Despite the fact that Pritikin’s studies had been designed and executed by respected medical scientists who worked in his clinics or served on the Longevity Center’s advisory boards, some of their work was difficult to disseminate through wider medical channels because the data collected from the informal, patient-centered setup of the Longevity Center chafed against the exacting requirements for experimental protocols. These and other irregularities undermined the study results in the peer review process and subsequent review committees were skeptical of the impressive results that Pritikin and his allies touted.
McGovern’s faith in Pritikin—and his decision to ask Pritikin to testify—was motivated by concerns about the weakness of nutrition recommendations to encourage a healthy lifestyle. His worries about the clarity of nutrition experiments and government’s fealty to agribusiness have proven especially prescient. In a closing statement during one of the 1977 hearings, McGovern praised Pritikin’s unconventional approach as necessary for the health of the nation and pleaded for scientific humility in the face of a national health crisis with few clear answers:
It is time that nutrition research receive an emphasis commensurate with its potential. We have been too timid in promoting nutrition research, both in the scale of resources invested and in the breadth of research priorities. It is important to continue the current emphases….But we also need to break out of the old research ruts we have been deepening over the last 10-15 years. We must be more imaginative and more balanced in our approach…I realize that the Pritikin hypertension data is preliminary and is subject to a number of legitimate scientific criticisms. I only use it to make a point. This committee understands there is a way to properly do scientific research in order to obtain valid results, but we don’t want to see that used as a guise to denigrate research initiatives, which for whatever reason are not being pursued by the mainstream of scientific thought—be it hypertension, diabetes, heart disease or cancer. We must not limit the great potential of nutrition research. If we had spent as much time and resources on human nutrition research as on livestock nutrition, we would be much closer to solving today’s major health problems…We are training our physicians and biomedical research scientists in a way which insufficiently emphasizes nutrition.

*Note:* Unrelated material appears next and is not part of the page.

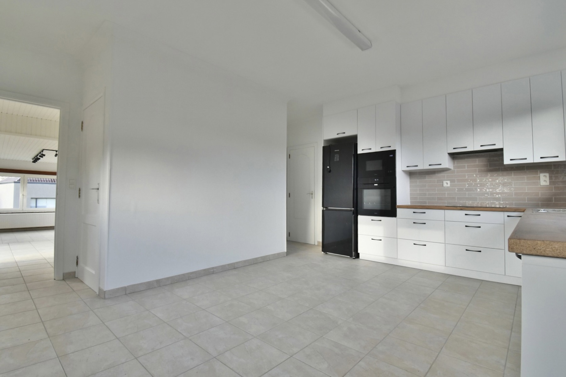 The property has a living area of +/- 222m² and consists of: night hall (+/- 11m²) - office/wardrobe space (+/- 6.5m²) - separate toilet with sink - living room (+/- 30m²) + dining room on a mezzanine level (+/- 19m²) with one door leading to the hallway with 2 bedrooms (+/- 14m², +/- 15m²), one of which has built-in wardrobes - new bathroom (walk-in shower, toilet, bathtub, sink) (+/- 7m²), and another door leading to the new kitchen (fridge, freezer, microwave, oven, cooktop, hood, dishwasher, sink) (+/- 19m²) with access to the southeast-facing terrace (+/- 43m²).
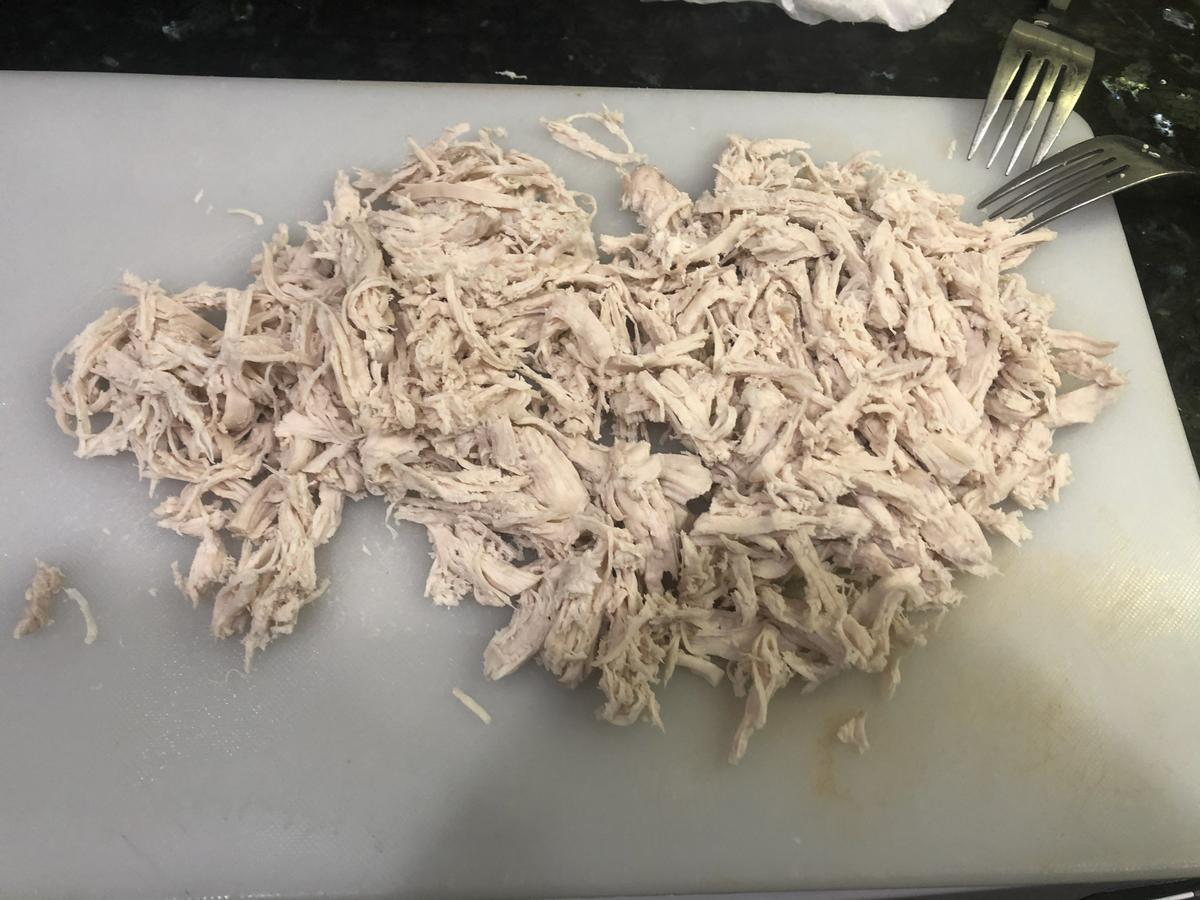 2. Sacamos la pechuga del agua y la colocamos en una tabla para cortar alimentos. Si no tenemos el utensilio especifico, la vamos deshilachando tirando de ella con dos tenedores, uno en cada mano. Así con toda la pechuga, hasta que nos quede bien deshilachada. Reservamos de momento.

McGovern advanced a pragmatic view that when medical science fails to forge a clear path with the available evidence, insistence on methodological purity puts artificial limits on what we know and thereby constrains any practical and humane policy innovation.

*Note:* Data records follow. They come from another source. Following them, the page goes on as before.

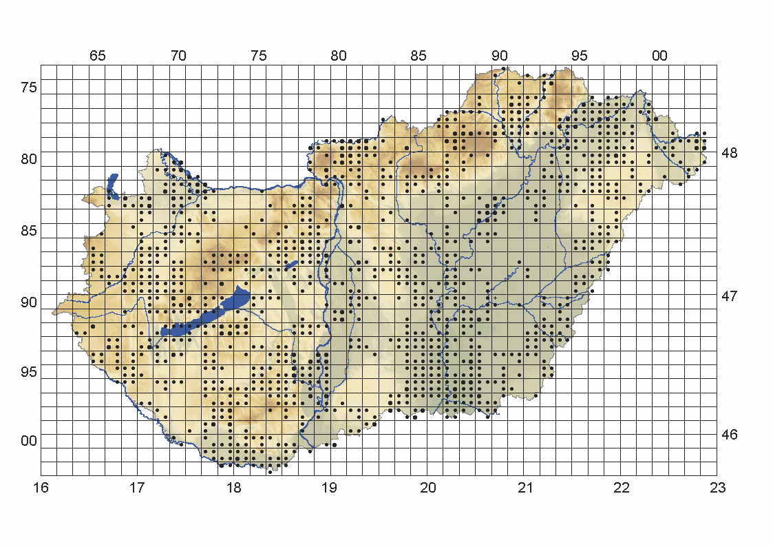 Az RA élőhely térképe az ÁNÉR 2011 könyvből:
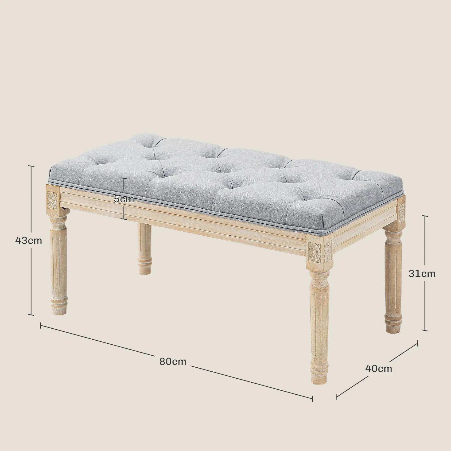 Banco Pie de Cama Tapizado en Lino Sintético con Patas de Madera y Asiento Acolchado Estilo Vintage Gris Claro
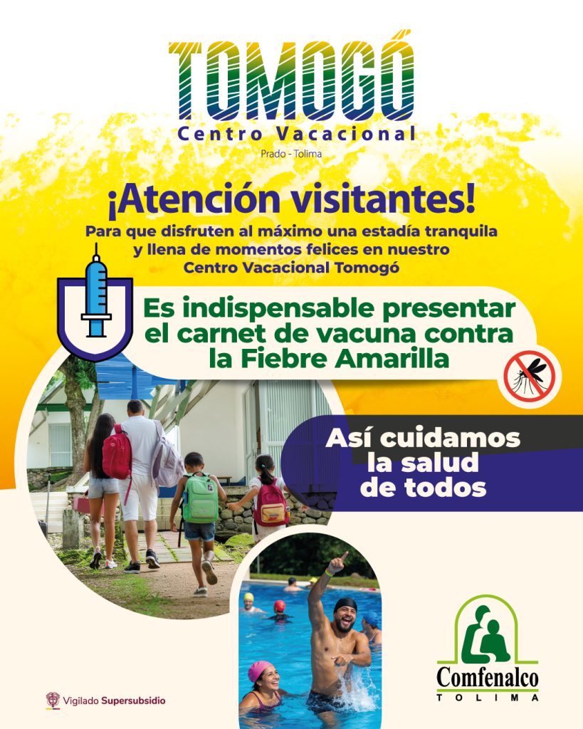 - Ingreso al Centro Vacacional Tomogó: piscinas, parque acuático, escenarios deportivos, zonas verdes.
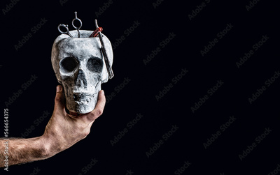 Barber scissors and straight razor, barber shop. Still life skull with shaving tools. Barbershop tool on black background. Skull barber. Vintage barber shop tools

Years after Pritikin’s testimony for the McGovern Report hearings, George McGovern and his wife Eleanor actually enrolled themselves at Pritikin’s center in 1983 to get the senator into shape for his (ultimately disastrous) 1984 presidential run. When Pritikin died shortly thereafter, McGovern even delivered his eulogy, comparing him with other such esteemed inventors and visionaries as Louis Pasteur, Marie Curie, and Thomas Edison. Aptly, he said of Pritikin, “You show me a man who usually lives by the power of his convictions and I’ll show you a man with a reputation of a fanatic.”
His line describes other diet gurus so well it may as well have been the concluding sentence to my book.
Travis A. Weisse is visiting assistant professor at New Mexico State University.